Provided records -
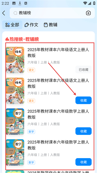 3、在教辅搜索页,能看到各学科的教辅资源列表,选目标教辅后点【收藏】按钮,可把资源存到我的收藏里呢。
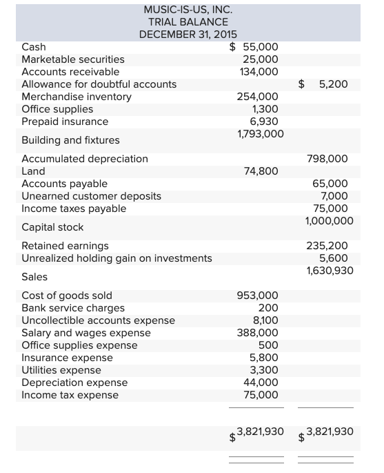 Solved $ 5 200 MUSIC IS US INC TRIAL BALANCE DECEMBER 31 Chegg com
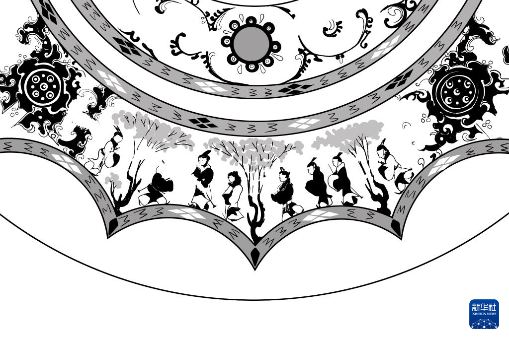 西漢彩繪人物車馬鏡局部彩繪圖案“宴飲”(8月25日攝)。
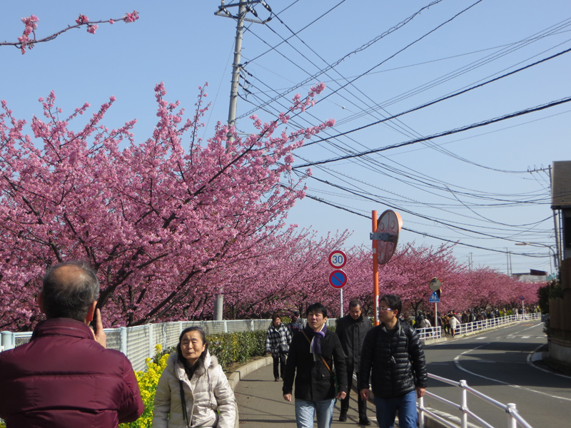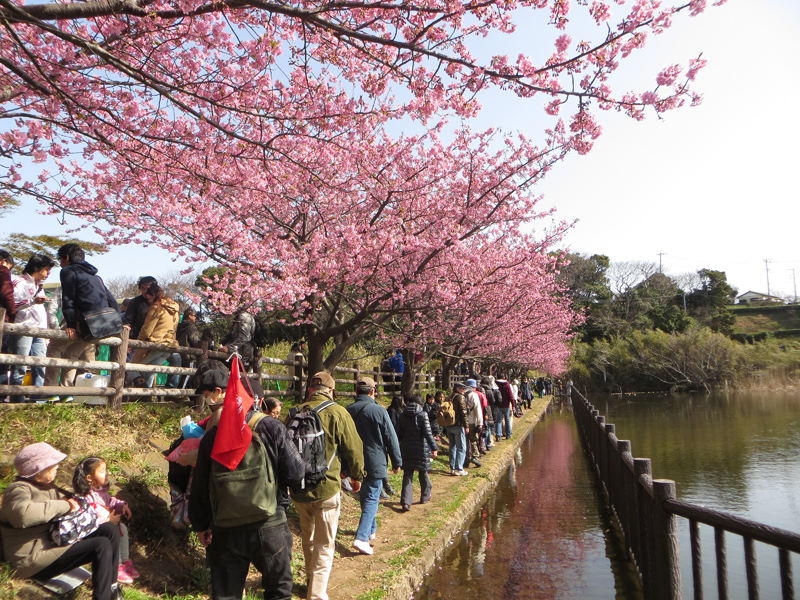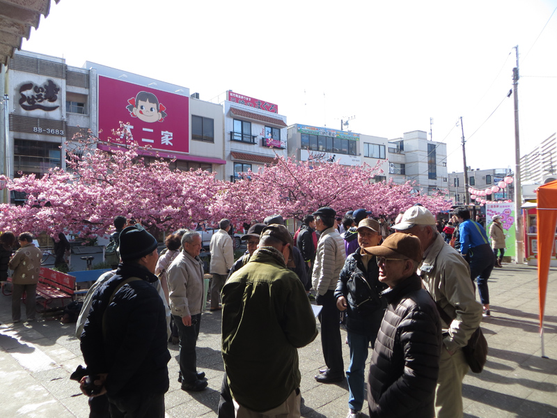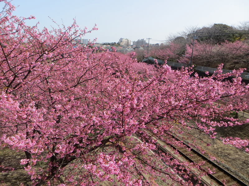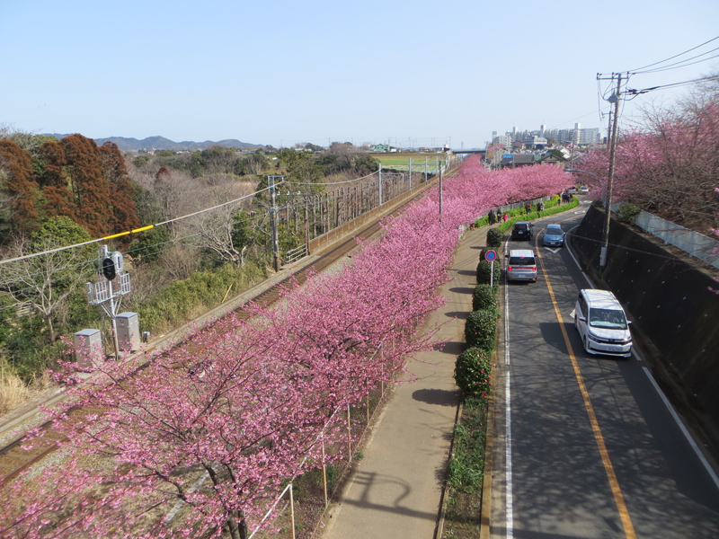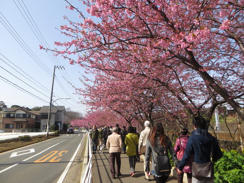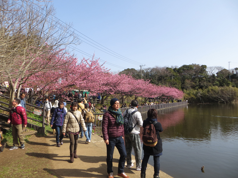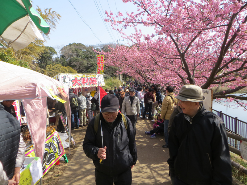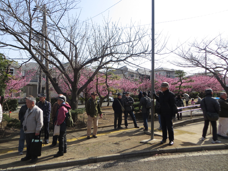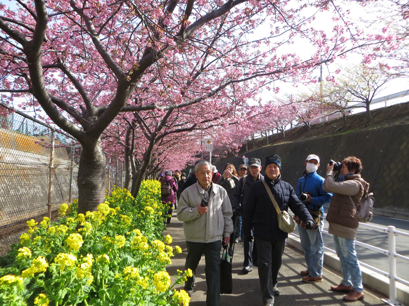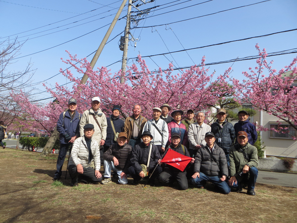 ☆開催日時平成27年2月28日(土)午前10時 京急線:三浦海岸駅集合 ☆主な散策コース 三浦海岸駅 ⇒ 桜道 ⇒ 小松ヶ池公園 ⇒ 妙音寺 ⇒ 三崎口駅 ☆前日は天気が悪く心配しましたが、当日は大変良い天気に恵まれ絶好の花見日和でした。 ( 河津桜は早咲きで花期が長く、ソメイヨシノより桃色が濃い )三浦海岸駅は桜まつり開催中で大勢の桜見物の人で賑わい大変な混雑、京急の沿線には河津桜と菜の花がとてもキレイに咲き、1.5kmにわたって千本以上の桜並木が続き見事でした。 途中、小松ヶ池公園で一休みゆっくりと桜見物、更に公園近くの三浦大根畑からは富士山も眺められました。 続いて巡礼と花めぐりの寺、真言宗妙音寺に立ち寄りました。( 仁王像、白寿観音、三浦七福神、不動明王、大日如来など多くの石仏が祀られてました ) そして最終目的地の三崎口駅に到着、美しい桜と菜の花を満喫した約2時間の散歩が終了、その後全員で昼食会を楽しみました。 ☆参加者 17名 (アイウエオ順、敬称略) 荒井喜根男、飯田耕治郎、井上 茂、 熊倉達郎、小泉八郎、今野之雄、佐々木一三、下條光輝、新谷則雄、 菅沼喜久雄、鈴木隆雄、出羽善武、中倉国男、平塚 直, 前田房江、山本三樹夫, 吉田親司 以上
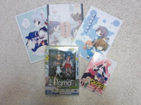 左から同人誌、らき☆すたの同人、ハルヒの同人、ゼロ使の公式アンソロ、そしてfigmaこなたです。
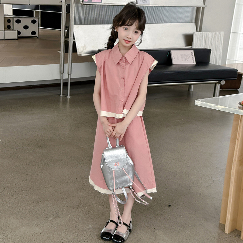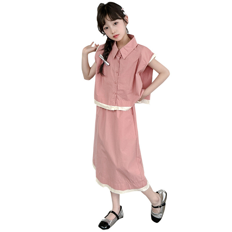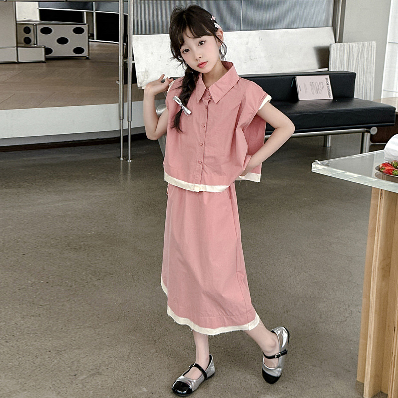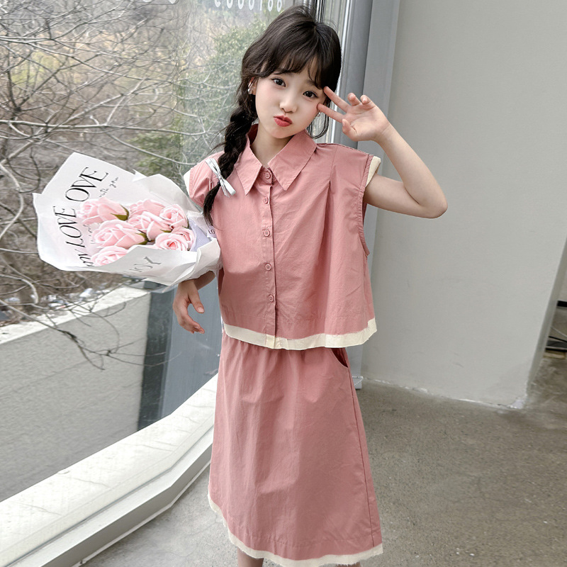 | nameOriginal | Girl's Summer Korean Style Sweet Solid Color Shirt Vest Skirt suit 2024 New Style Girl's Fashionable Two-Piece Set |
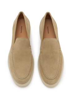 Magnanni's relaxed loafer showcases Spanish shoemaking heritage through soft suede construction and meticulous hand-stitched detailing. The streamlined slip-on silhouette features a classic moc-toe design, tonal topstitching, and lightweight sole for effortless summer style. A versatile casual essential that bridges laid-back elegance with Mediterranean craftsmanship and year-round wearability.
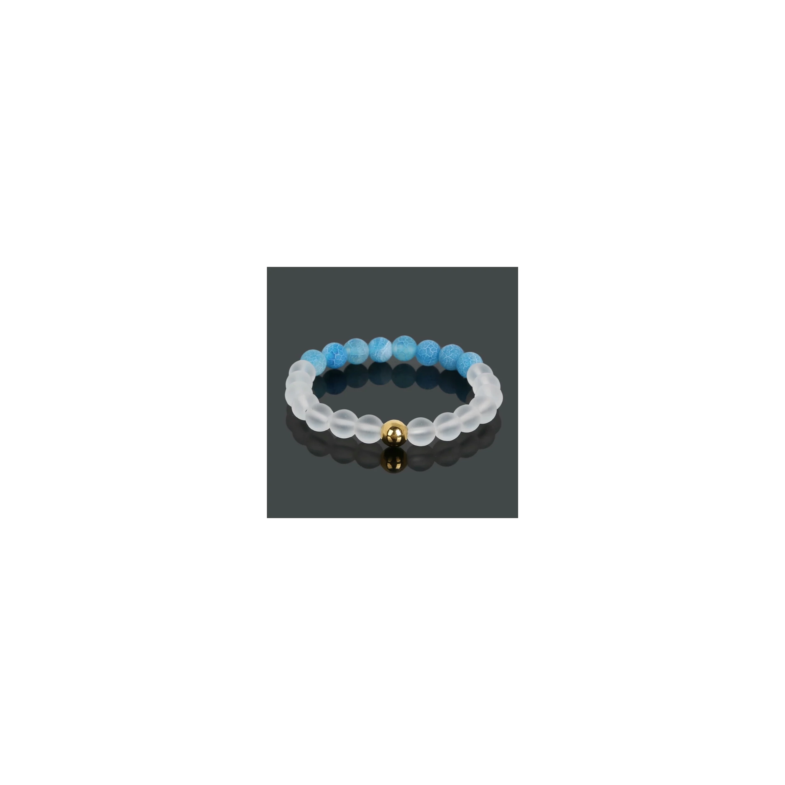 Ez egy egyedi tervezésű matt színes achát és matt hegyikristályból készült karkötő.
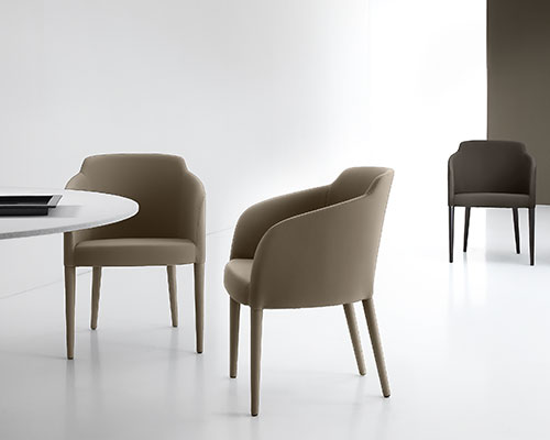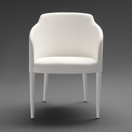 Moderna stolica od poliuretana. Elastične trake na sjedalu. Noge od jasenovog drveta u prirodnoj ili obojenoj varijanti.
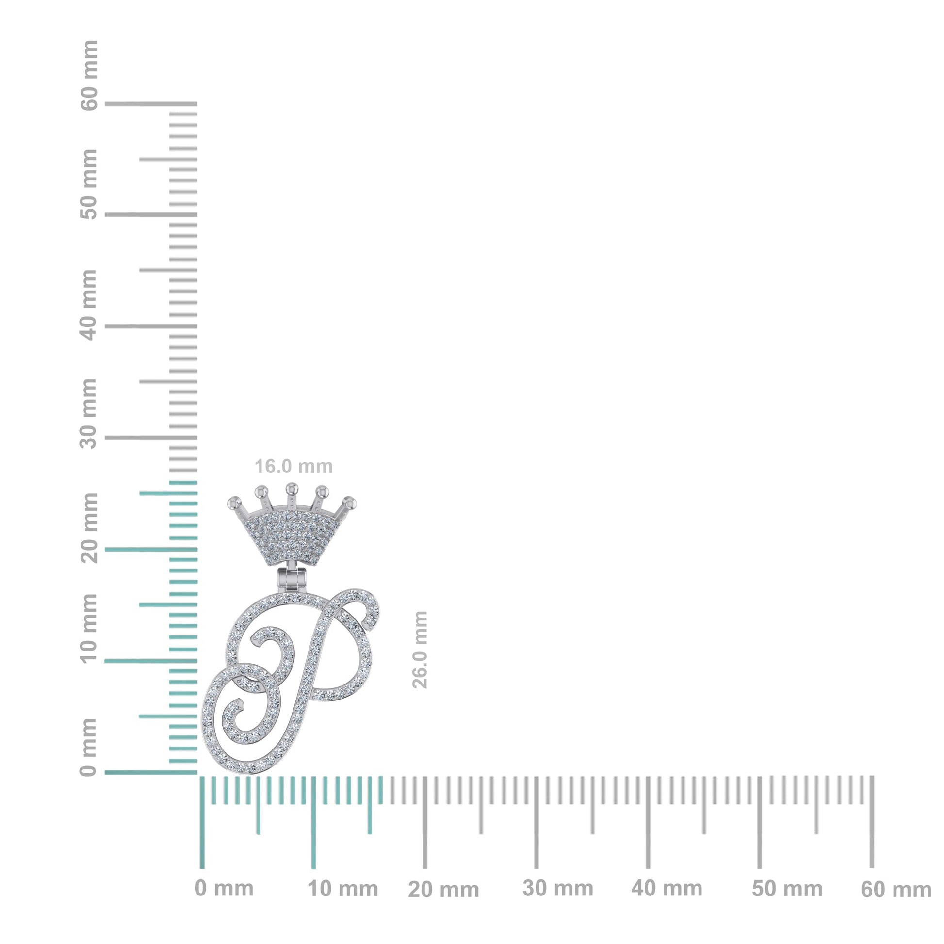 10K White Gold Round Diamond Crown P Letter Initial Pendant 1/4 Cttw

What is needed - The lines to repeat run from the line containing "左から同人誌、らき☆すたの同" through the end of the listing above, both included; give them exactly and without pictures.

Reply to the exercise -
 左から同人誌、らき☆すたの同人、ハルヒの同人、ゼロ使の公式アンソロ、そしてfigmaこなたです。
 | nameOriginal | Girl's Summer Korean Style Sweet Solid Color Shirt Vest Skirt suit 2024 New Style Girl's Fashionable Two-Piece Set |
 Magnanni's relaxed loafer showcases Spanish shoemaking heritage through soft suede construction and meticulous hand-stitched detailing. The streamlined slip-on silhouette features a classic moc-toe design, tonal topstitching, and lightweight sole for effortless summer style. A versatile casual essential that bridges laid-back elegance with Mediterranean craftsmanship and year-round wearability.
 Ez egy egyedi tervezésű matt színes achát és matt hegyikristályból készült karkötő.
 Moderna stolica od poliuretana. Elastične trake na sjedalu. Noge od jasenovog drveta u prirodnoj ili obojenoj varijanti.
 10K White Gold Round Diamond Crown P Letter Initial Pendant 1/4 Cttw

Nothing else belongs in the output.